Overall, confrontations with ideas, values and perceptions of what constitutes a ‘normal’ life for their children were essential parts of the mothers’ life stories—confrontations that also affected how the mothers evaluated their own lives. In addition, the mothers frequently described how their children have been labelled as ‘abnormal’, ‘wrong’ or even ‘an accident’. This negative and degrading naming of their children also made the mothers feel excluded and sometimes even as outcasts in social interactions with friends, neighbours, colleagues and relatives. Negative attitudes and comments from surroundings and professionals have also forced the mothers to go through painful and prolonged processes of self-accusation for not having given enough love, care, support and help in different stages of their children’s lives.

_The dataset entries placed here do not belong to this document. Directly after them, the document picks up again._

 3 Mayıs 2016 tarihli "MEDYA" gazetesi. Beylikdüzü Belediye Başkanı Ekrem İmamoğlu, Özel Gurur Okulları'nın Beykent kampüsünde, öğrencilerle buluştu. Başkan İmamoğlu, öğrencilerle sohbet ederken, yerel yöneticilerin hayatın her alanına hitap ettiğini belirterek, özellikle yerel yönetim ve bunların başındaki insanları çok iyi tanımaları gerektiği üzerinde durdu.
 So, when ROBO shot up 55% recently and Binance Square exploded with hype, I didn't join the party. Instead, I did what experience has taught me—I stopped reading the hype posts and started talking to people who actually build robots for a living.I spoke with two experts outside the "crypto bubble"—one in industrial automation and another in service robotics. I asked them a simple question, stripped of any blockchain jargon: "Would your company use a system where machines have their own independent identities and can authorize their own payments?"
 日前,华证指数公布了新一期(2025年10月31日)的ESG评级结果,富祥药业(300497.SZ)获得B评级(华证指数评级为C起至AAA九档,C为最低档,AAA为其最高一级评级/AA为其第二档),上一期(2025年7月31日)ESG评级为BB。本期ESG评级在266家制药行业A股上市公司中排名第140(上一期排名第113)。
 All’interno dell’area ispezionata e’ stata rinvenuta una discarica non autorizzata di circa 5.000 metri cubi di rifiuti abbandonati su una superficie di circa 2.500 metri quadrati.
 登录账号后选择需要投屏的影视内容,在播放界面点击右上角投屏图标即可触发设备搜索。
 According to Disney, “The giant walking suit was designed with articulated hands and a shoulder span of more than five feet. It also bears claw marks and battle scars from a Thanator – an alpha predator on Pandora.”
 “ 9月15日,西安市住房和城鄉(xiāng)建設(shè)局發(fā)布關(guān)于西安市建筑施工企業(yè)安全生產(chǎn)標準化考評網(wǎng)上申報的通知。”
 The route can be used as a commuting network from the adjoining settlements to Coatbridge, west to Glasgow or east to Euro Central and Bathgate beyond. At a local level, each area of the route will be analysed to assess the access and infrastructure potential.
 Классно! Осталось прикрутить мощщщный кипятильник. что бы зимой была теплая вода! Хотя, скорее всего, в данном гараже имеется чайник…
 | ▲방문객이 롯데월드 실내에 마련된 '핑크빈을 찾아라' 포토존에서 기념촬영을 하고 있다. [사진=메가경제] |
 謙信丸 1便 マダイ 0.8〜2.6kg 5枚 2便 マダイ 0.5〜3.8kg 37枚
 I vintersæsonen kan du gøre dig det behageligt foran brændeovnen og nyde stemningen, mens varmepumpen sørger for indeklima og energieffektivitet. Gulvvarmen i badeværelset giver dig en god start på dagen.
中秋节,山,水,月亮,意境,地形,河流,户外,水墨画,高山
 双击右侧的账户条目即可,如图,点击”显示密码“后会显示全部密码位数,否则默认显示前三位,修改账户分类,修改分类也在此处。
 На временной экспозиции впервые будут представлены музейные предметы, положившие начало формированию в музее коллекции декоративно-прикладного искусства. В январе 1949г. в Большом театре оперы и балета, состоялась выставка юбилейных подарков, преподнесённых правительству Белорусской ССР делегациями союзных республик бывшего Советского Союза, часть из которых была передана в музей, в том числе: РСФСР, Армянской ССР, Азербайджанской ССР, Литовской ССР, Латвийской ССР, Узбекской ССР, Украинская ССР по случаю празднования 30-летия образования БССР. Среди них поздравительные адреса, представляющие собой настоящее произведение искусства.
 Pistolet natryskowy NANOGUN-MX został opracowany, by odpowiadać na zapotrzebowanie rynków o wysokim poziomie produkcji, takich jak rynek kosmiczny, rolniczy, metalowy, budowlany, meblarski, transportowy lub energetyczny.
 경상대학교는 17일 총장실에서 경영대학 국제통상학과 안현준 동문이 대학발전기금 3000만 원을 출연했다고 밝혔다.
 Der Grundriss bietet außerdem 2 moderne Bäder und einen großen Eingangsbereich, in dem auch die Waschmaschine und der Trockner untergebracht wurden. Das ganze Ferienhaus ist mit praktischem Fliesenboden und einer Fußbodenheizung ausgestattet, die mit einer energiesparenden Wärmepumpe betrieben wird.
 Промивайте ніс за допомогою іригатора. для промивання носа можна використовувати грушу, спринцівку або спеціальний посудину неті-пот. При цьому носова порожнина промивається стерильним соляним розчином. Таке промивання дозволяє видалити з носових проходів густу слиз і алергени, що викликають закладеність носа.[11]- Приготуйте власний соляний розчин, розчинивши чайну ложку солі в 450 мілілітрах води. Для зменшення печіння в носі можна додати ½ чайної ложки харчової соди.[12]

Although the mothers’ stories confirmed the conclusion that most families adjust to the situation of having a mentally ill child (Schön et al. 2006; Topor 2006) and that family members reach new understandings of each other (Veltman et al. 2002), the mothers’ narratives also revealed important aspects of changed relationships over their life spans. As the mothers aged and when they themselves became in need of everyday support for daily life activities, it was the so-called disabled child that took the role as the family carer. Thus, in the mothers’ narratives, the relation between them and their children became reciprocal in old age.

Another insight from the interviews is alternative understandings of recovery from mental illness. Recovery is generally understood as returning to an ideal state of normal life, and in practice summarised as the ability to work and have employment. In contrast, studies by Reupert et al. (2015), Topor et al. (2006) and Schön et al. (2009) have highlighted intimacy and reciprocity among family members as important to the recovery process. In the mother’s narratives, this alternative understanding of recovery was also confirmed, in particular in the descriptions of how the mothers and children have grown old together.

Finally, we want to point out that our sample consisted of mothers engaged in the two main user organisations in the field of psychiatric care in Sweden. In this sense, they can be seen as privileged because they have had the time and possibility to give voice to their experiences. However, in this context, we would like to address the ongoing focus on user participation in mental health services. Despite the increasing focus on user participation in contemporary mental health services, professionals still generally take on a top-down role as teachers; i.e., to educate service users and their families on various issues related to SMI. However, the life stories of the mothers in this study suggest that a bottom-up perspective that includes the entire family network is equally important to improve the care and support of people living with SMI. Family members have important experiential knowledge about living with mental illness and psychiatric and social services. Consequently, if the user perspective is to be taken seriously, this knowledge must also be included to advance research and practice.